December 13, 2011
The United States of Europe?—A Commentary by Bruce Ackerman ’67
The following commentary was published in the Los Angeles Times on December 13, 2011.
The United States of Europe?
By Bruce Ackerman ’67
Are we witnessing the birth of the United States of Europe?
There are uncanny similarities between the current round of wheeling and dealing and the founding of the United States of America. The Philadelphia Convention of 1787 represented America's second try at continental union. In 1781, the 13 states had come together behind a treaty-constitution that broadly resembles present European arrangements.
America's first effort was the Articles of Confederation. Like the European Union treaties, it guaranteed each citizen's right to move throughout the confederation and exercise all the economic privileges of home-staters. It also created a weak unicameral Congress and a judiciary for resolving inter-state disputes. But it did not grant the confederation independent powers of taxation, preventing it from guaranteeing the large war debts issued by each of the states. Because many states were in shaky financial condition, their bonds had dramatically depreciated in value, undermining the confidence of European investors in New World projects.
This was one of the problems motivating the movement "for a more perfect union."

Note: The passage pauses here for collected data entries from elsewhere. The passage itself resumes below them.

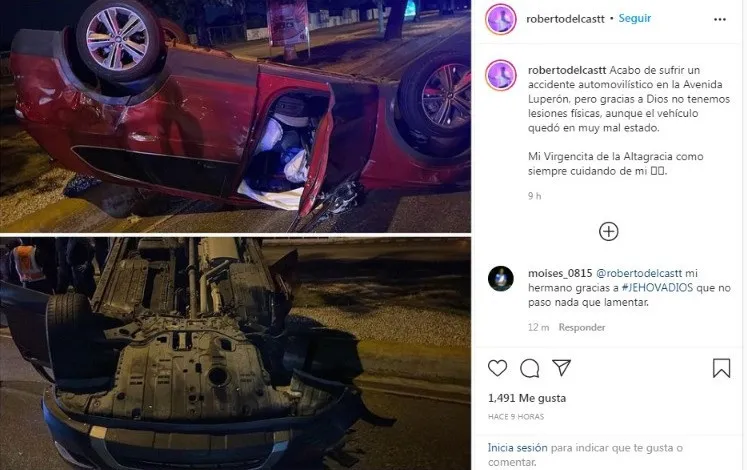 Santo Domingo.- El merenguero Roberto del Castillo sufrió un grave accidente de tránsito del que salió ileso la madrugada de este lunes en Santo Domingo.
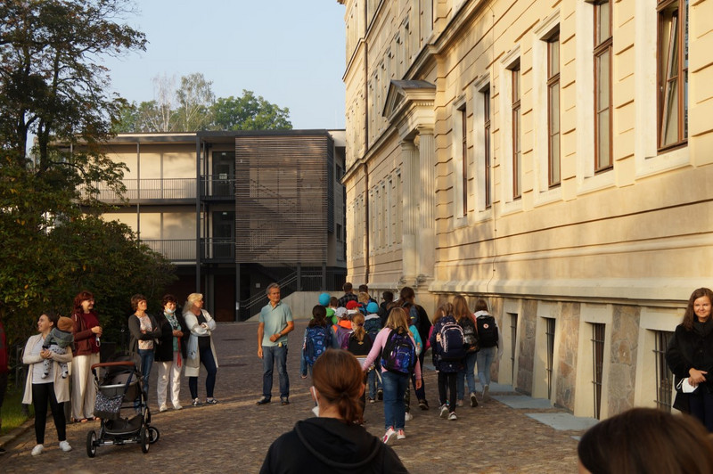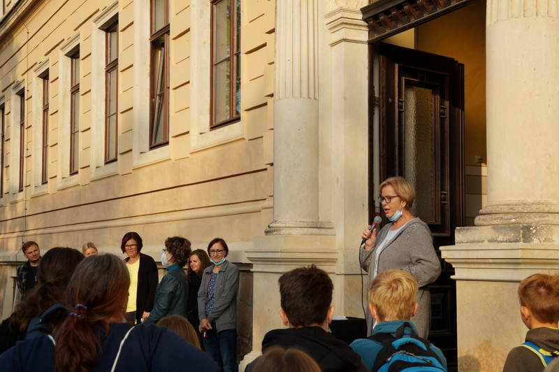 Frau Wasiak begrüßte alle ganz herzlich an unserer Schule und wünschte ihnen viel Spaß beim Lernen. Dabei betonte sie, dass sowohl das altehrwürdige Gebäude als auch die auf dem Schulhof stehende Lutherbuche bereits ganz viele Schülerinnen und Schüler mit genau den erwartungsvollen Augen wie die der diesjährigen Neuen gesehen haben. Allen gemeinsam sei die Neugier auf das Kommende. Die erste Neugier konnte Frau Klöditz direkt im Anschluss stillen. Sie übernahm die Vorstellung der neuen 5. Klassen. Nacheinander nahmen Frau Seydewitz, Herr Pawolleck und Frau Sysenko gemeinsam mit den jeweiligen Zweitklassenlehrern ihre Klassen in Empfang. Damit konnte der erste Schultag wirklich beginnen. In den ersten beiden Tagen steht das gegenseitige Kennenlernen auf dem Stundenplan. Natürlich wird dabei auch das Schulgebäude erkundet und im Schatten der Lutherbuche auf dem Schulhof in den großen Pausen ausgeruht. Ab Mittwoch beginnt dann der reguläre Unterricht für die 5. Klassen. Wir wünschen allen ein gutes Gelingen.
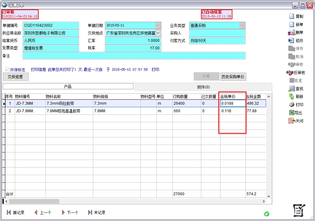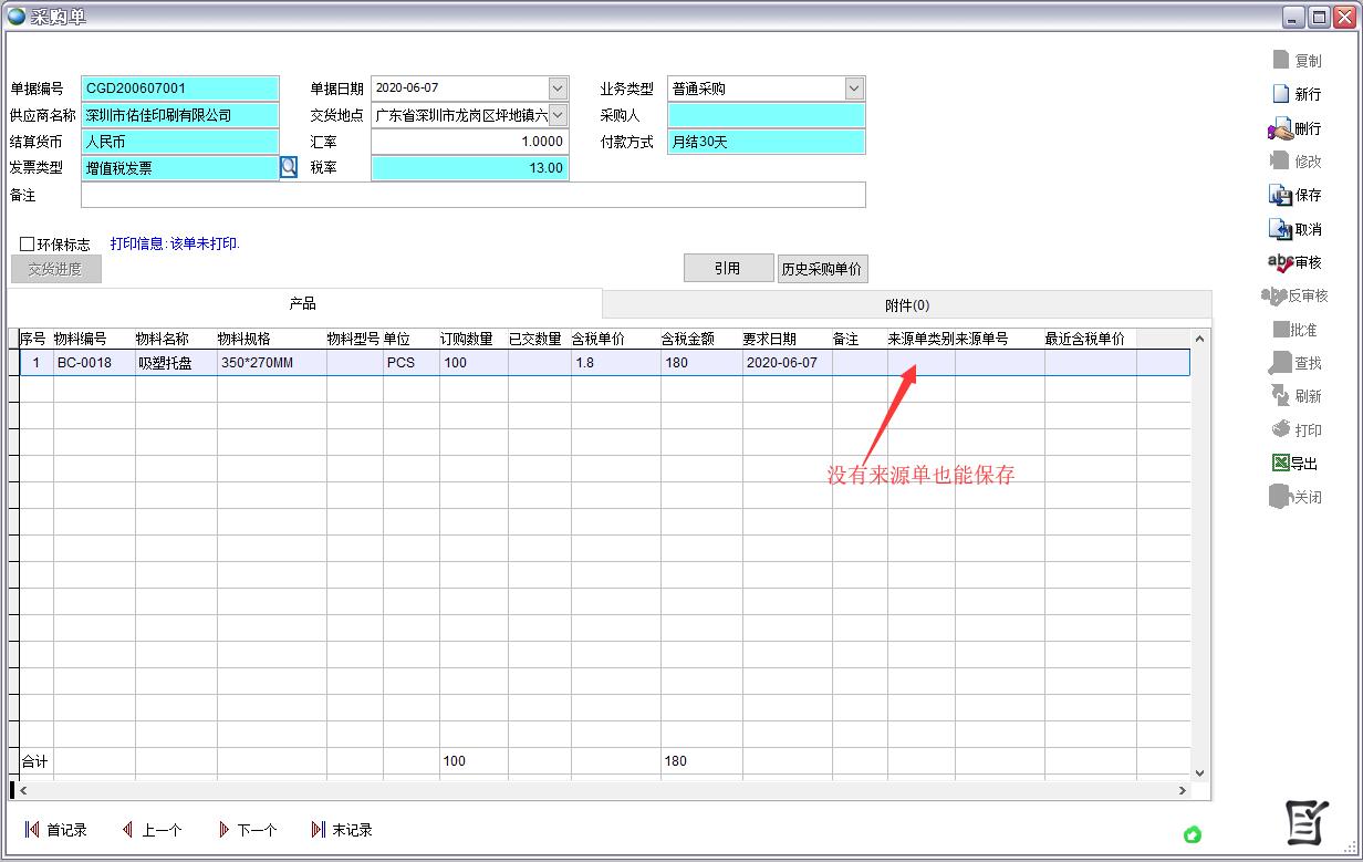 做采購單時單價是必填項且不能為0,如果勾選此選項后,為單價0的采購單也能保存
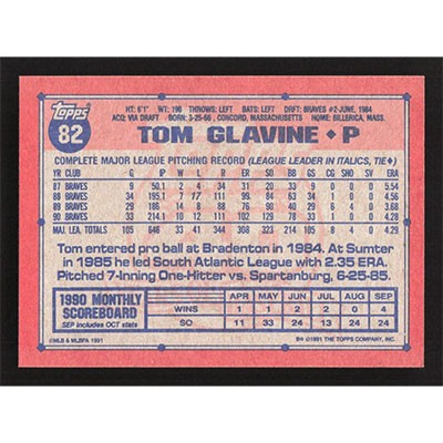 This is a 1991 Topps Tom Glavine baseball card. The card is #82 and pictures show condition.
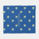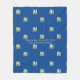 Sea blue fleece blanket with pattern of hand-drawn surfboards. Personalize text with family name, couple's name, or cottage name. Include date established, or any text. One or two lines fit best. The surfboard art contains tropical designs and colors.
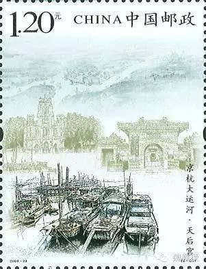 这枚邮票的中间右侧,就是天后宫的检票口。天津天后宫建在海河边,天津北运河和南运河在天津会师,又在这里被海河一齐送入渤海。所以天后宫能够入选这套邮票。
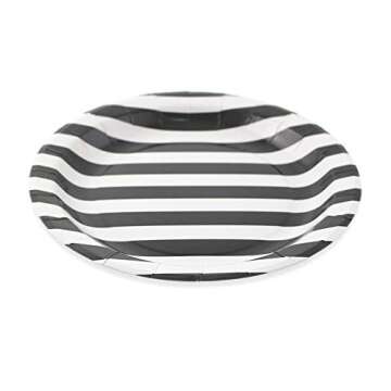 Dulousia Black Striped Paper Plates 72pcs - 9inch Round Party Plates for Dessert, Cakes, Fruits
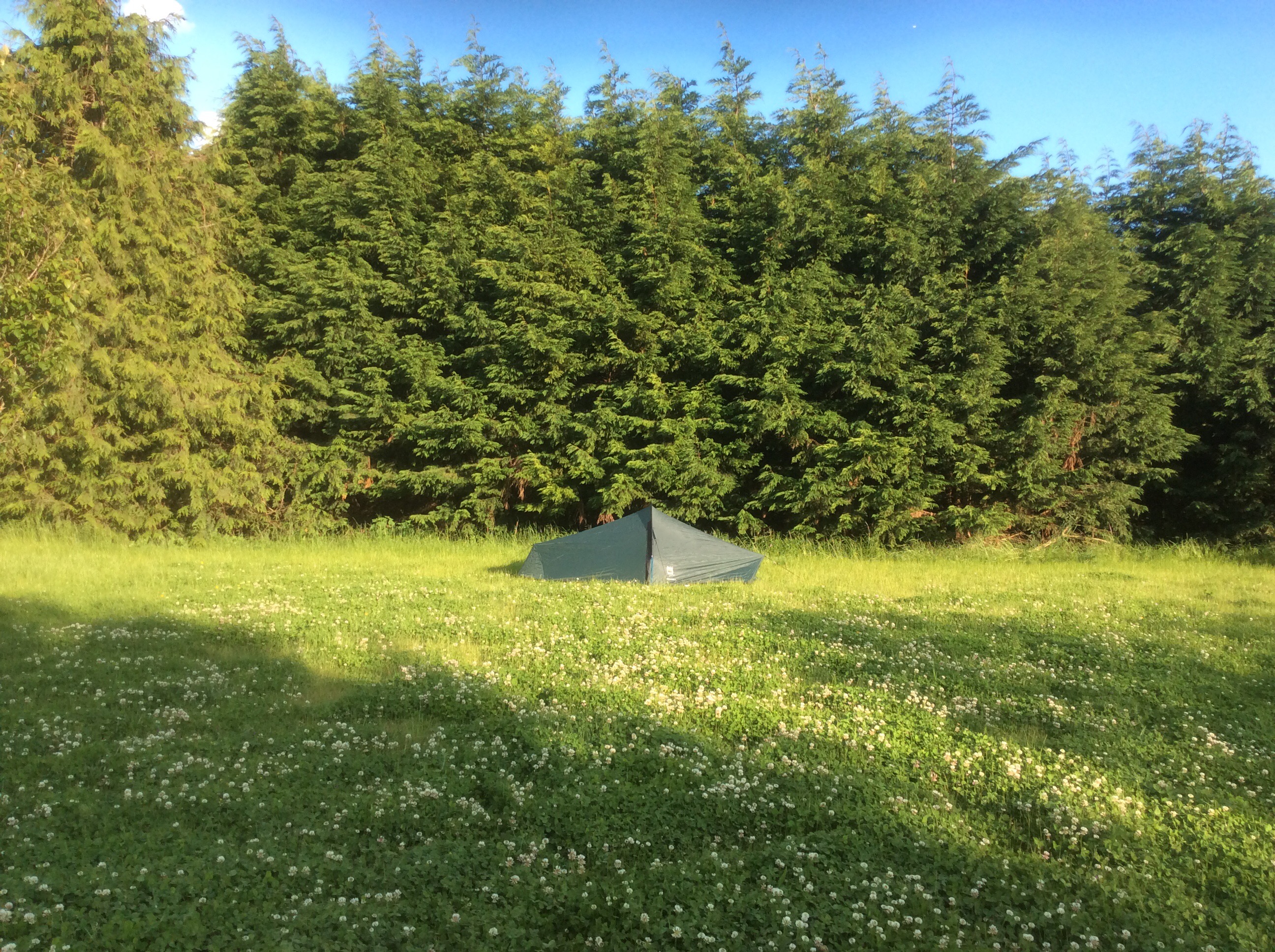 The tent was nestled up by a tall hedge, but the ground was rock hard and I don’t carry a mattress. So I slept badly. I had my tea before I got down.
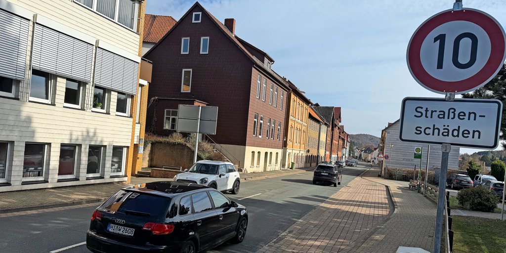 Doch was sagt die Kreisverwaltung zu den neuen Schildern? „Die zulässige Höchstgeschwindigkeit wurde aus Gründen der Verkehrssicherheit reduziert“, so die Antwort aus dem Kreishaus. Das sei erforderlich geworden, weil sich der Zustand der Fahrbahn innerhalb weniger Tage deutlich verschlechtert habe. Darum gelte jetzt in besonders betroffenen Abschnitten Tempo 10, auf der übrigen Ortsdurchfahrt Tempo 30.
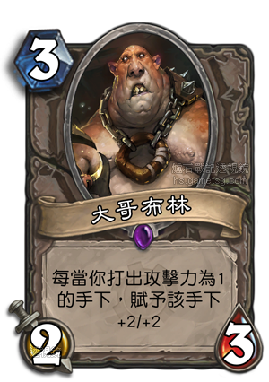 大哥布林可能是地精大战侏儒中最好的史诗卡片,虽然已经有很多人在用了,但我认为他的实力还不仅现在这样,大哥布林可以成为一套牌组的核心,随着牌池加大,大哥布林能得到的帮助会更多。相信在开放模式中的大哥布林必然有一天可以掀起波澜。
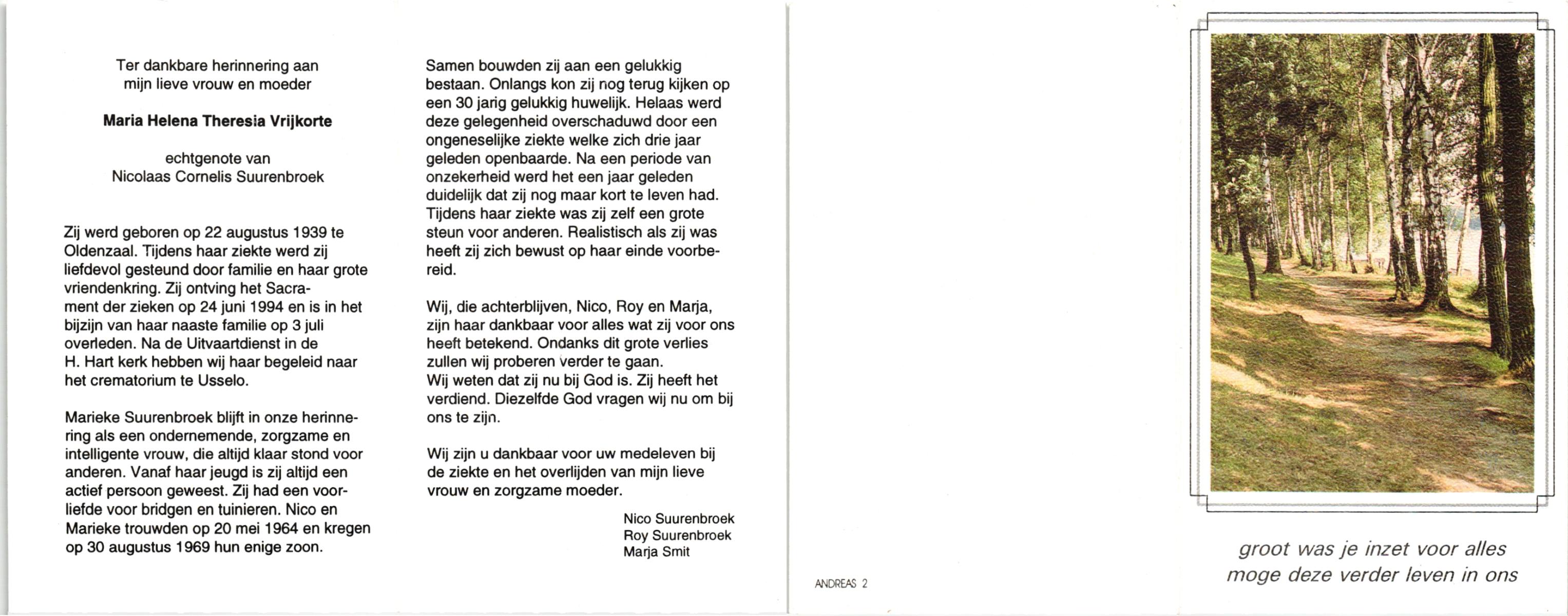 VRIJKORTE, , Maria Helena Theresia, geboren op 22-8-1939 te Oldenzaal, overleden op 3-7-1994 op 54-jarige leeftijd, gecremeerd te Usselo.
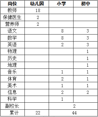 2021年面向全國公開招聘公辦教師、民辦教師、應(yīng)屆大學(xué)畢業(yè)生及管理人員66名。
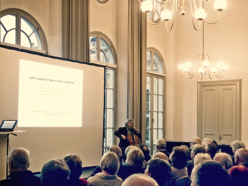 Die Vortragsveranstaltung im Festsaal des Coselpalais stand ganz im Zeichen der Baugeschichte des Palais und seines wohl berühmtesten Bewohners, des venezianischen Vedutenmalers Bernardo Bellotto, genannt Canaletto.
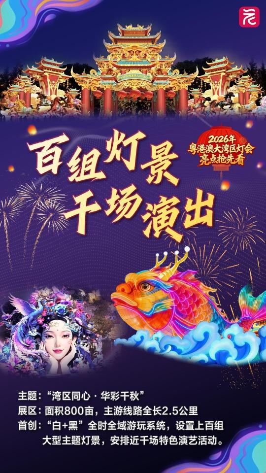 据了解,由省市宣传、文旅部门大力支持,广州市南沙区主办的2026年粤港澳大湾区灯会,将于2月10日至5月10日在广州南沙湾片区精彩亮相,展期90天。
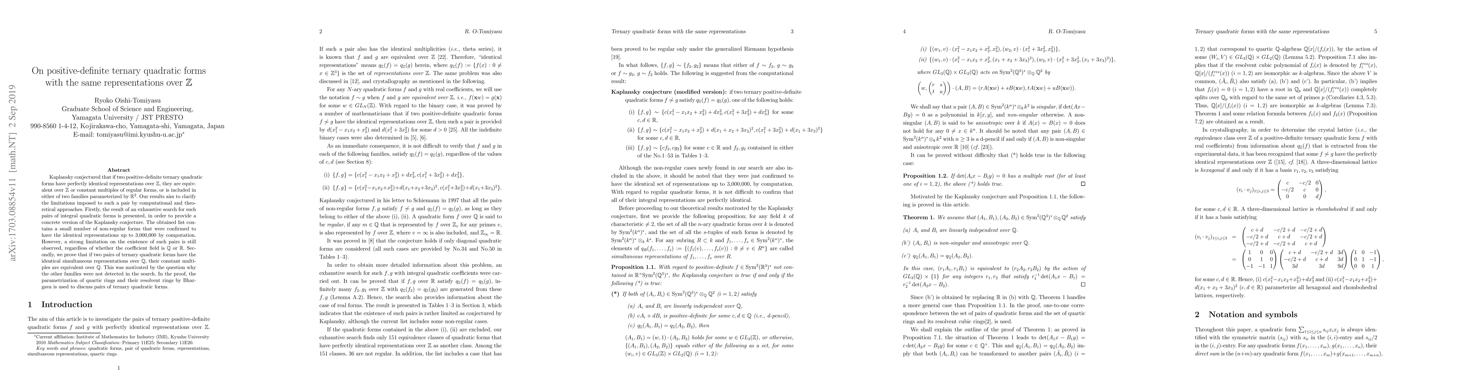 This paper investigates Kaplansky's conjecture regarding the representations of positive-definite ternary quadratic forms over $\mathbb{Z}$, confirming a limited number of non-regular forms with identical representations. It also proves that pairs of such forms with identical representations over $\mathbb{Q}$ are equivalent over $\mathbb{Q}$, using Bhargava's parametrization of quartic rings.

The Constitution of 1787 granted new powers to impose taxes and set up an analogue to the Bank of England. Once it came into effect, the federal government moved quickly to create a national bank and to pay the depreciated state debt. This ended the credit crisis and established the credibility of the infant republic in European financial markets.
But before all this could happen, the founders confronted a threshold problem: So long as they were living under the laws of the confederation, it would be impossible to get their new Constitution ratified. Like the current European Union treaties, the Articles of Confederation explicitly required unanimous consent to any revision of its terms, and it was perfectly obvious that no such consent would be forthcoming.
Rhode Island was the Britain of its time -- this small trading state was unwilling to give up its sovereignty to the federal colossus. It refused to send delegates to the Philadelphia Convention, denouncing it as an illegal secessionist assembly, which is precisely what it turned out to be. After a summer of secret sessions, the Philadelphians went public with a document proclaiming that, despite the articles' requirement of unanimous consent, the new Constitution would spring to life when only nine of the 13 states ratified.
Confronting this revolutionary change in the rules of the game, Rhode Island simply refused to play, as did North Carolina. When the first Congress met in 1789, there were 11 states in the union. The dissenting states caved under pressure -- with Rhode Island entering in 1790 only when Congress began threatening to impose tariffs on its trade unless it abandoned the veto solemnly granted to it by the Articles of Confederation.
These embarrassing facts have long been forgotten, even by most serious students of the U.S. Constitution. But they put the current crisis in a new light.
The members of the new Eurozone treaty won't bludgeon Britain into Rhode Island-style capitulation. But if British Prime Minister David Cameron stands firm, his veto will likely lead to the ultimate exclusion of his nation from the EU. The projected treaty will create a large bloc whose interests systematically diverge from other members, but which will depend on a steady flow of supportive decisions by EU institutions to maintain the Eurozone's credibility.
Given these dynamics, Cameron is simply fooling himself if he really believes "that the EU institutions -- the court, the commission -- [would] work for all 27 nations" when this would compromise the euro bloc's fundamental interests. When Britain tries to undermine ongoing support for the Eurozone, it will predictably provoke a constitutional crisis -- in which the euro bloc will eject Britain to prevent its continuing acts of sabotage.
This is a time for some serious diplomacy from the Obama administration. The United States should help bridge the gap between the Continent and Britain's divided coalition of conservatives and liberals, encouraging both sides to return to the bargaining table. If left unchecked, the current institutional dynamics will generate a United States of Continental Europe at an unacceptable price, gravely weakening the West for a very long time to come.